:: DATA FOR ANALYSIS ::
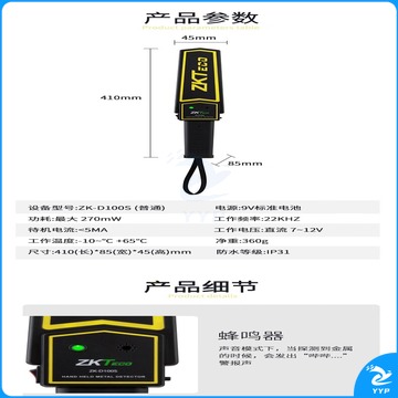 中控/Zkteco 中控 /Zkteco Zk-D100S (电池版) 手持式金属探测仪/探测器 安全用仪器
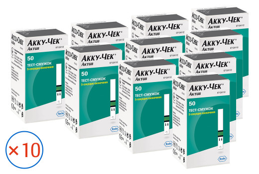 Тест-смужки Акку-Чек Актив (10 упаковок по 50 штук)
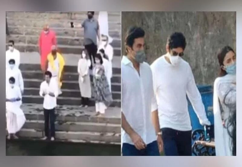 Bollywood Desk: Ranbir Kapoor, Neetu Kapoor, Alia Bhatt, Riddhima Kapoor Sahni and Ayan Mukerji were snapped at Mumbai's Banganga Tank on Sunday evening. The Kapoor's were accompanied with close relatives and friends as they performed puja and immersed the ashes of late veteran actor Rishi Kapoor. Earlier in the day, the Kapoor's had organised a prayer meet at their home. Photos and videos of their visit at South Mumbai's Banganga Tank quickly went viral. One of the video shows Ranbir, Riddhima and Neetu Kapoor seeking blessings from the pandit present at the spot. Another shows them sitting and performing the puja, while another video shows Ranbir handing over the ashes for the final immersion.
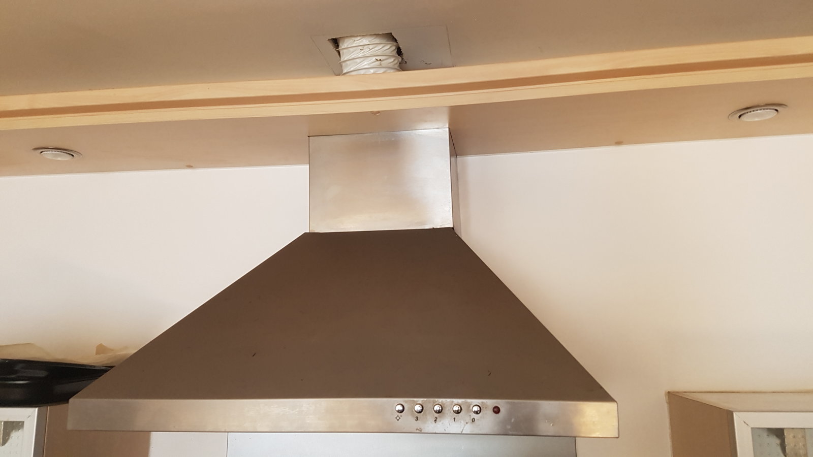 I'm looking to replace my cooker hood. As you can see from the pic, the chimney part goes through part of the kitchen unit. The hole is approx 235mm wide and 180mm deep. (Ducting exposed as I unscrewed it to investigate what's underneath)
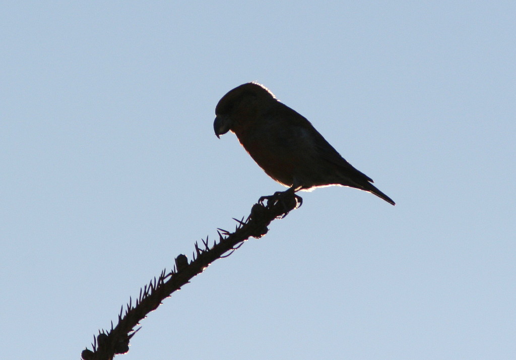 Beskrivelse: Et forsøg på at fremhæve Stor Korsnæbs jizz ved et silhuet foto. Bemærk stort hoved og kraftigt papegøjeagtigt næb. Så karakteristiske fulge som denne kan ingen være i tvivl om.
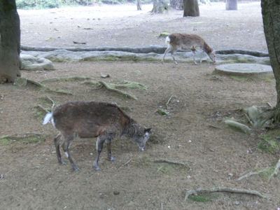 広々とした「大放飼場」にはヤクシカがまばらにいるのみ。天王寺動物園で言えばキリンやシマウマが闊歩しているところなので、ちょっと寂しい。 奈良公園では増えすぎたシカを駆除しなければならなくなっているとか。それならここに20〜30頭移せばとも思うのだが、東京都もオリンピックと市場移転問題で予算はかつかつかな。 ヤクシカたちはサツキか何かの散った花びらを丹念に拾って食べていた。蜜が付いてて甘いのかも。 |
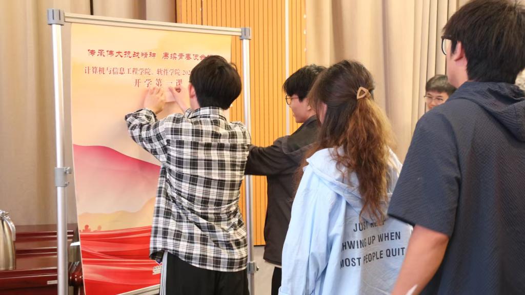 活动最后,同学们将感悟和承诺卡片汇聚在主题展板上,展现出计信学子坚定的理想信念和深厚的家国情怀。全体与会成员共同唱响《歌唱祖国》,用嘹亮的歌声表达对党的忠诚,对祖国的热爱与祝福,为本次“开学第一课”画上圆满句号。
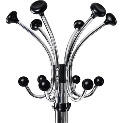 Elegante Standgarderobe für starke Belastung. Verchromt: Säule und Haken hochglänzend. Schwerer Fuß mit Bodenschonern aus Filz, glänzend mit matt erodierter Fläche, kratzhemmend für Schirmspitzen. Abgerundete Kunststoffköpfe sitzen fest und wackeln nicht und schonen die Kleidung. 6 Huthaken Ø 5,5 cm, 6 Jackenhaken Ø 3,8 cm, je 4 zusätzliche Haken an der Säule und am Schirmständer. Drehbare Krone für bequemen Zugriff von allen Seiten. Schirmhalter, Ø 27 cm, für bis zu 8 Schirme und 4 Taschenschirme. Einfache Montage.
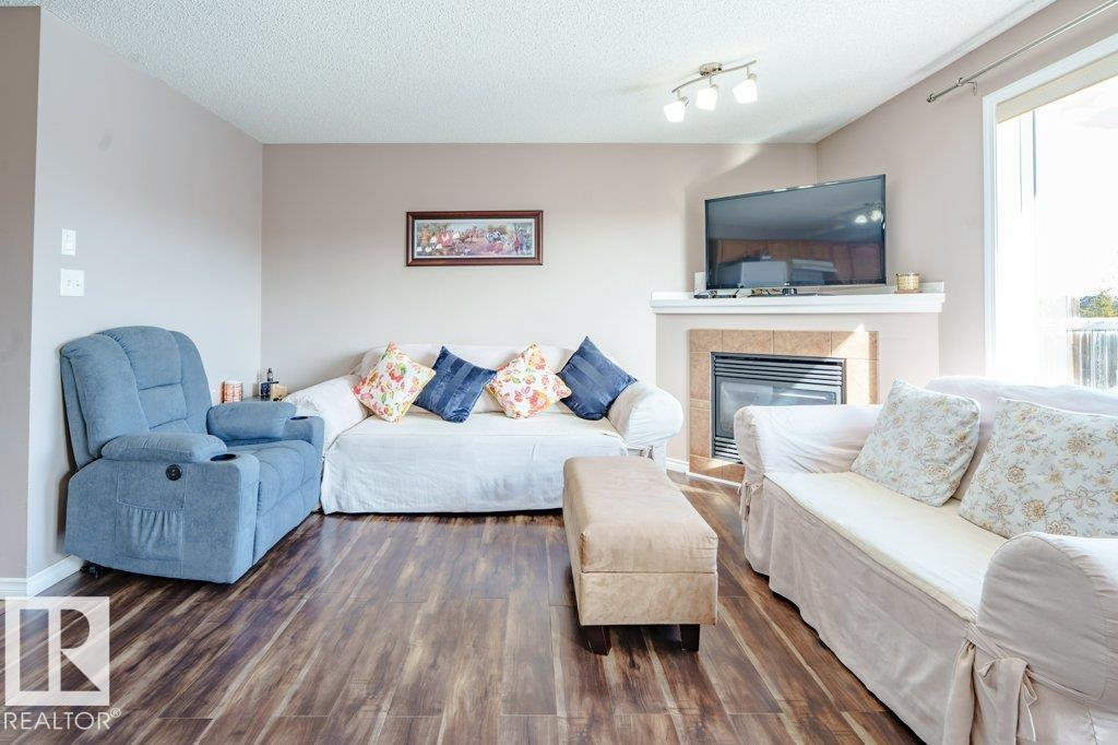 Welcome to Silver Berry! This stunning half-duplex offers over 1,675 sq. ft. of fully finished living space w/ 3 spacious bedrooms & 3 bathrooms! Step inside to a spacious foyer that leads into a bright open-concept main floor featuring a stylish living room w/ contemporary fireplace & picture windows overlooking the oversized backyard and deck accessible through the dining area! The chef-inspired kitchen features an island/breakfast nook & sleek modern cabinetry for tons of storage space! A 2 pc-bath completes the main floor! Upstairs offers 3 spacious bedrooms. A common 4 pc bath completes this functional upper floor! The FULLY FINISHED BASEMENT features a spacious REC ROOM or convert into a family room or personalized gym! A 2pc bathroom offers convenience! BRAND NEW DISHWASHER (2025), Newer Washer/Dryer (2020). Newer Laminate Flooring throughout. Located close to schools, shopping, public transportation, parks & playgrounds, this home truly offers comfort, convenience & long-term value!
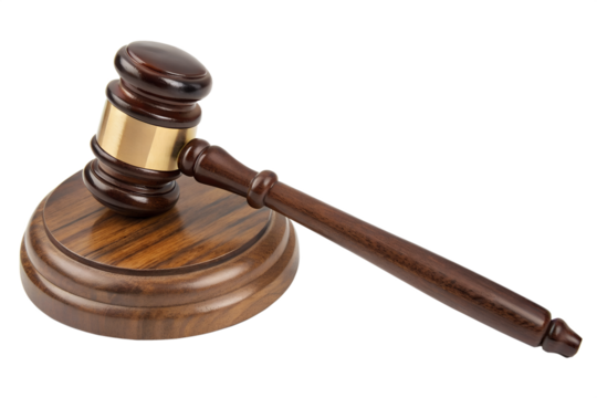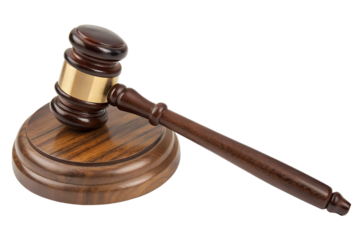 Gavel: A striking depiction of a wooden gavel, resting on a matching base, symbolizing justice and authority, ready to administer order in a courtroom.

:: EXERCISE ::
Transcribe each record exactly as it stands, setting aside any pictures.

:: TASK RESPONSE ::
 中控/Zkteco 中控 /Zkteco Zk-D100S (电池版) 手持式金属探测仪/探测器 安全用仪器
 Тест-смужки Акку-Чек Актив (10 упаковок по 50 штук)
 Bollywood Desk: Ranbir Kapoor, Neetu Kapoor, Alia Bhatt, Riddhima Kapoor Sahni and Ayan Mukerji were snapped at Mumbai's Banganga Tank on Sunday evening. The Kapoor's were accompanied with close relatives and friends as they performed puja and immersed the ashes of late veteran actor Rishi Kapoor. Earlier in the day, the Kapoor's had organised a prayer meet at their home. Photos and videos of their visit at South Mumbai's Banganga Tank quickly went viral. One of the video shows Ranbir, Riddhima and Neetu Kapoor seeking blessings from the pandit present at the spot. Another shows them sitting and performing the puja, while another video shows Ranbir handing over the ashes for the final immersion.
 I'm looking to replace my cooker hood. As you can see from the pic, the chimney part goes through part of the kitchen unit. The hole is approx 235mm wide and 180mm deep. (Ducting exposed as I unscrewed it to investigate what's underneath)
 Beskrivelse: Et forsøg på at fremhæve Stor Korsnæbs jizz ved et silhuet foto. Bemærk stort hoved og kraftigt papegøjeagtigt næb. Så karakteristiske fulge som denne kan ingen være i tvivl om.
 広々とした「大放飼場」にはヤクシカがまばらにいるのみ。天王寺動物園で言えばキリンやシマウマが闊歩しているところなので、ちょっと寂しい。 奈良公園では増えすぎたシカを駆除しなければならなくなっているとか。それならここに20〜30頭移せばとも思うのだが、東京都もオリンピックと市場移転問題で予算はかつかつかな。 ヤクシカたちはサツキか何かの散った花びらを丹念に拾って食べていた。蜜が付いてて甘いのかも。 |
 活动最后,同学们将感悟和承诺卡片汇聚在主题展板上,展现出计信学子坚定的理想信念和深厚的家国情怀。全体与会成员共同唱响《歌唱祖国》,用嘹亮的歌声表达对党的忠诚,对祖国的热爱与祝福,为本次“开学第一课”画上圆满句号。
 Elegante Standgarderobe für starke Belastung. Verchromt: Säule und Haken hochglänzend. Schwerer Fuß mit Bodenschonern aus Filz, glänzend mit matt erodierter Fläche, kratzhemmend für Schirmspitzen. Abgerundete Kunststoffköpfe sitzen fest und wackeln nicht und schonen die Kleidung. 6 Huthaken Ø 5,5 cm, 6 Jackenhaken Ø 3,8 cm, je 4 zusätzliche Haken an der Säule und am Schirmständer. Drehbare Krone für bequemen Zugriff von allen Seiten. Schirmhalter, Ø 27 cm, für bis zu 8 Schirme und 4 Taschenschirme. Einfache Montage.
 Welcome to Silver Berry! This stunning half-duplex offers over 1,675 sq. ft. of fully finished living space w/ 3 spacious bedrooms & 3 bathrooms! Step inside to a spacious foyer that leads into a bright open-concept main floor featuring a stylish living room w/ contemporary fireplace & picture windows overlooking the oversized backyard and deck accessible through the dining area! The chef-inspired kitchen features an island/breakfast nook & sleek modern cabinetry for tons of storage space! A 2 pc-bath completes the main floor! Upstairs offers 3 spacious bedrooms. A common 4 pc bath completes this functional upper floor! The FULLY FINISHED BASEMENT features a spacious REC ROOM or convert into a family room or personalized gym! A 2pc bathroom offers convenience! BRAND NEW DISHWASHER (2025), Newer Washer/Dryer (2020). Newer Laminate Flooring throughout. Located close to schools, shopping, public transportation, parks & playgrounds, this home truly offers comfort, convenience & long-term value!
 Gavel: A striking depiction of a wooden gavel, resting on a matching base, symbolizing justice and authority, ready to administer order in a courtroom.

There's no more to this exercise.